Exercise description: Identify all lines in the data containing the string "Figure". Copy them out.

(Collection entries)

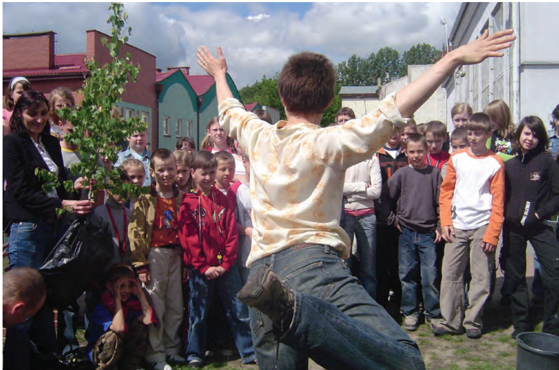
Figure 5: 'Twig Dance' at Ilawa Primary School, Poland.
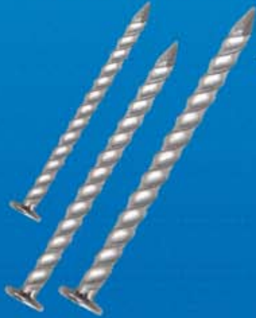
THREADED NAILS Sizes: 1" to 3"
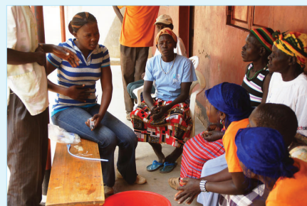
Figure 2. Frontline health workers in Ikotos, South Sudan, receive training in the use of a low-cost uterine balloon device developed by Massachusetts General Hospital's Maternal, Newborn and Child Survival program.

Thanks to Nancy MacKeith for helping to prepare this note and the article on page 28.
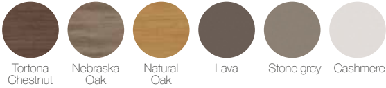
Tortona Chestnut Nebraska Oak Natural Oak Lava Stone grey Cashmere

Task result:
Figure 5: 'Twig Dance' at Ilawa Primary School, Poland.
Figure 2. Frontline health workers in Ikotos, South Sudan, receive training in the use of a low-cost uterine balloon device developed by Massachusetts General Hospital's Maternal, Newborn and Child Survival program.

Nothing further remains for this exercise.